### WHAT THIS TASK INVOLVES
Each entry should be given again exactly, with any image left out.

### PROVIDED RECORDS
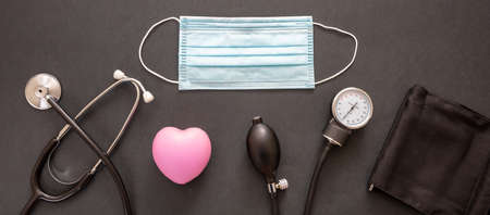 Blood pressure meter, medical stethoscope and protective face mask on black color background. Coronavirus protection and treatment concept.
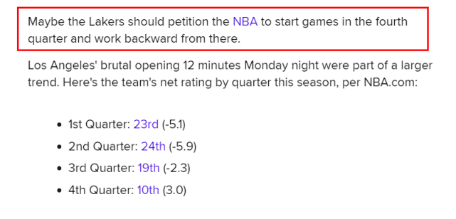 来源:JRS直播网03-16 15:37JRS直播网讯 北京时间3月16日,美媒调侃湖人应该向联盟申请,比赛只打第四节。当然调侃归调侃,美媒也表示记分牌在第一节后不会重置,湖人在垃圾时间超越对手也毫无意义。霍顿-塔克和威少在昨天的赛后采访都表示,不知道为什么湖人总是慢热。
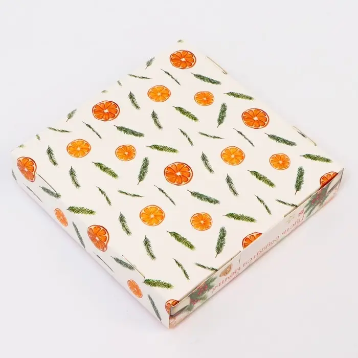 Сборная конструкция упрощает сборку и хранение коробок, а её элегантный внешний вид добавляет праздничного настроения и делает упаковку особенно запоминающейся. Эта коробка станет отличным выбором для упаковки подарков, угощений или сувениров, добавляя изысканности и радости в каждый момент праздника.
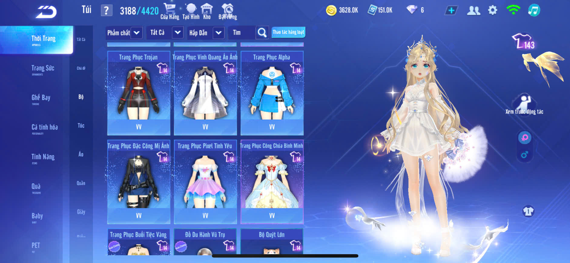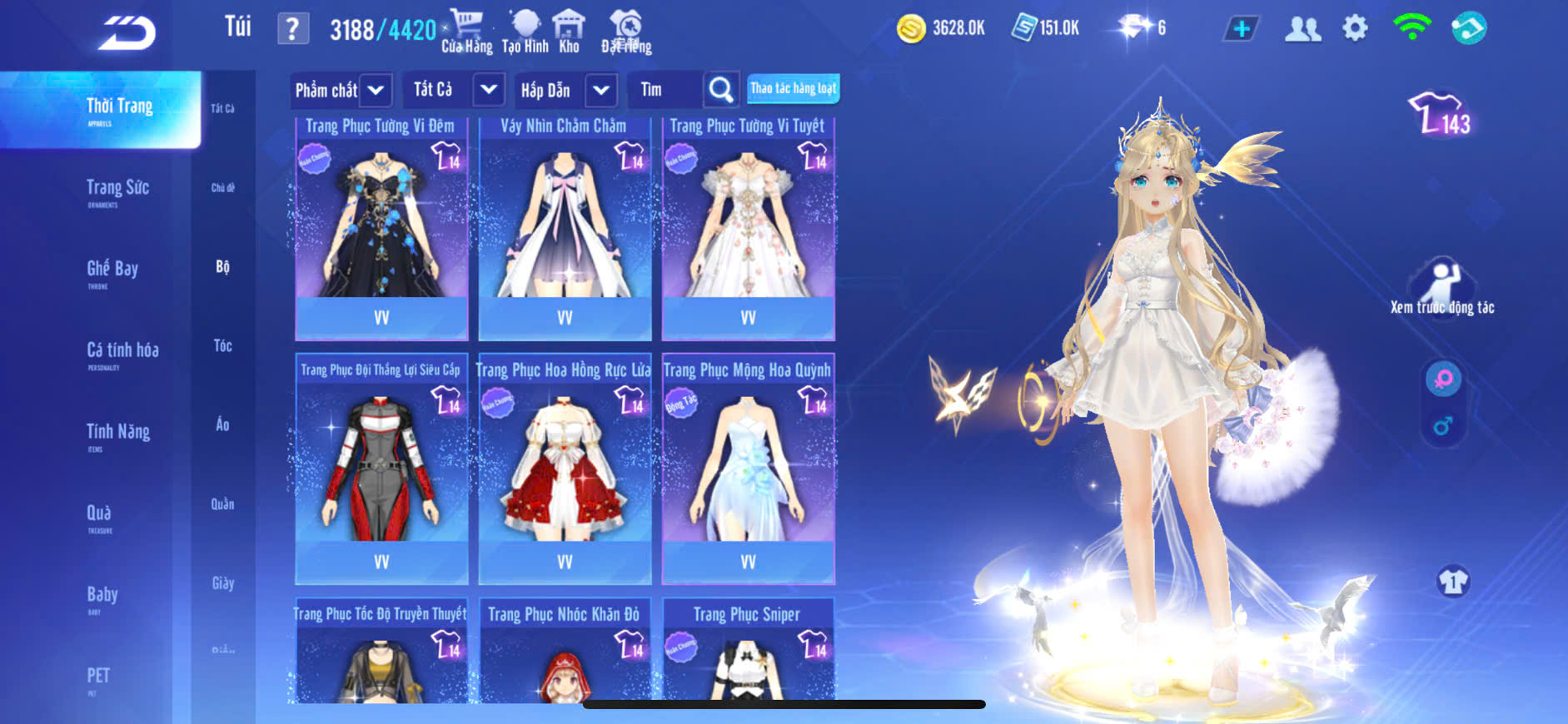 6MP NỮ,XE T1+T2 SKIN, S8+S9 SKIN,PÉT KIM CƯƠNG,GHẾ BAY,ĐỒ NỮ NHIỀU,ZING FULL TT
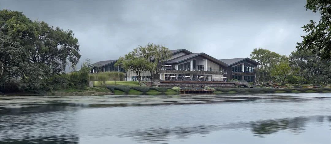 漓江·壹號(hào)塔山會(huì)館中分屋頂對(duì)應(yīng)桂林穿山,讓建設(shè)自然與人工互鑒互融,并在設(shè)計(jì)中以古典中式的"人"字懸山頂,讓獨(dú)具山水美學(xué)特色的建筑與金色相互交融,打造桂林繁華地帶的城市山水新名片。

### REPLY
 Blood pressure meter, medical stethoscope and protective face mask on black color background. Coronavirus protection and treatment concept.
 来源:JRS直播网03-16 15:37JRS直播网讯 北京时间3月16日,美媒调侃湖人应该向联盟申请,比赛只打第四节。当然调侃归调侃,美媒也表示记分牌在第一节后不会重置,湖人在垃圾时间超越对手也毫无意义。霍顿-塔克和威少在昨天的赛后采访都表示,不知道为什么湖人总是慢热。
 Сборная конструкция упрощает сборку и хранение коробок, а её элегантный внешний вид добавляет праздничного настроения и делает упаковку особенно запоминающейся. Эта коробка станет отличным выбором для упаковки подарков, угощений или сувениров, добавляя изысканности и радости в каждый момент праздника.
 6MP NỮ,XE T1+T2 SKIN, S8+S9 SKIN,PÉT KIM CƯƠNG,GHẾ BAY,ĐỒ NỮ NHIỀU,ZING FULL TT
 漓江·壹號(hào)塔山會(huì)館中分屋頂對(duì)應(yīng)桂林穿山,讓建設(shè)自然與人工互鑒互融,并在設(shè)計(jì)中以古典中式的"人"字懸山頂,讓獨(dú)具山水美學(xué)特色的建筑與金色相互交融,打造桂林繁華地帶的城市山水新名片。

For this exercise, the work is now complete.